Towards achieving a haemophilia-free mind
Authors: Hermans, C; Pierce, GF
Affiliations: Division of Haematology, Haemostasis and Thrombosis Unit, Saint-Luc University Hospital, Université catholique de Louvain (UCLouvain), Brussels, Belgium. World Federation of Hemophilia, Montreal, Canada.
Publication: Haemophilia; 2023 June
Abstract: Never in history has haemophilia research generated so many therapeutic innovations. Beyond the prevention of bleeding complications, these new treatment options should fundamentally change the lives of those who face this disease. Haemophilia is defined as a partial or complete deficiency of coagulation factor VIII (FVIII) or IX (FIX). These deficiencies are responsible for haemorrhagic manifestations with predilection for muscles and joints. In patients with complete or near-complete deficiency, these haemorrhages occur spontaneously.
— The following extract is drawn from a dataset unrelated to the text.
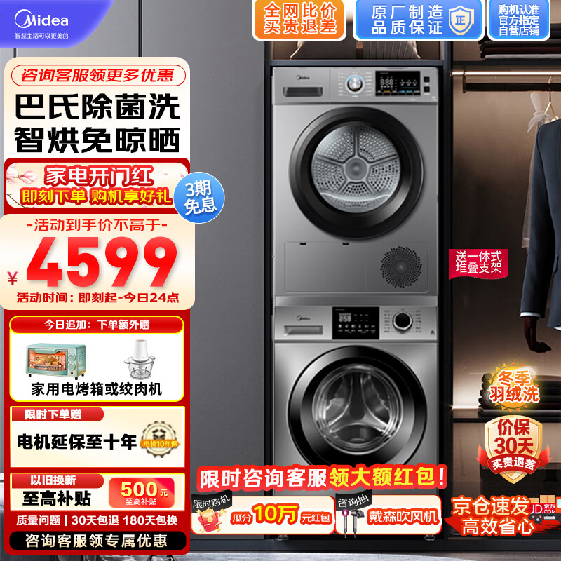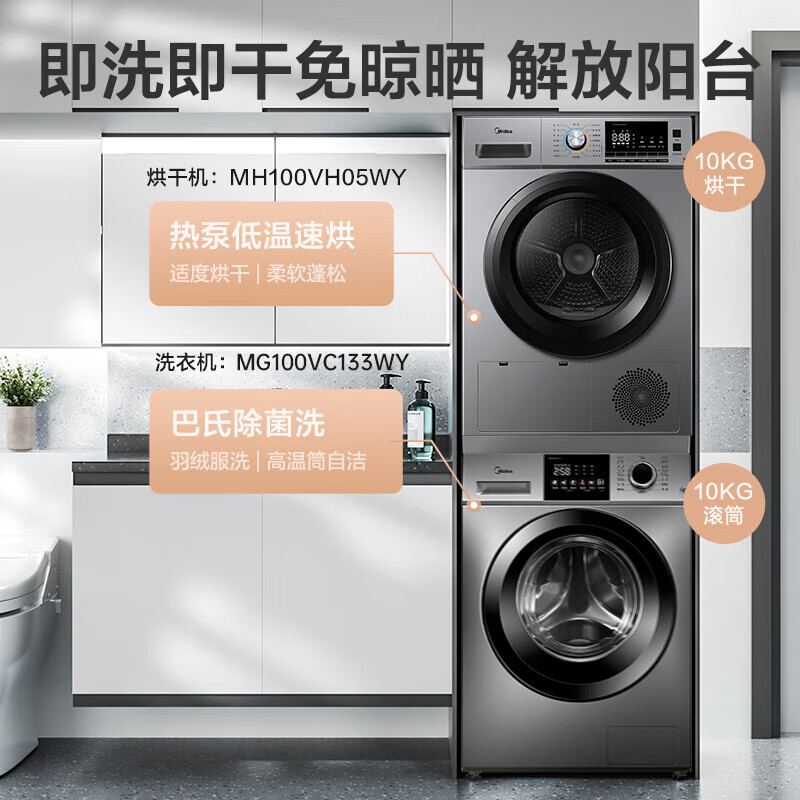 美的(Midea)洗烘套装 10公斤变频滚筒洗衣机+10公斤热泵式除菌干衣机 巴氏除菌 以旧换新 VC133+MH100VH05WY价格:4599.00元!

Intra-articular bleeding episodes result in painful and disabling joint destruction. With minimal or no treatment, morbidity and mortality are high. The classic treatment for haemophilia is the provision of intravenous FVIII or FIX replacement therapy. The aim is to permanently maintain a minimum amount of FVIII or FIX in the blood, thus preventing spontaneous bleeding complications. The standard half-life of these clotting factors, the need to administer them intravenously on a recurrent basis and their immunogenicity are all obstacles and constraints associated with replacement therapy. Subclinical bleeding at low trough levels has been underappreciated despite conclusive evidence published in the Joint Outcome Study in 2007.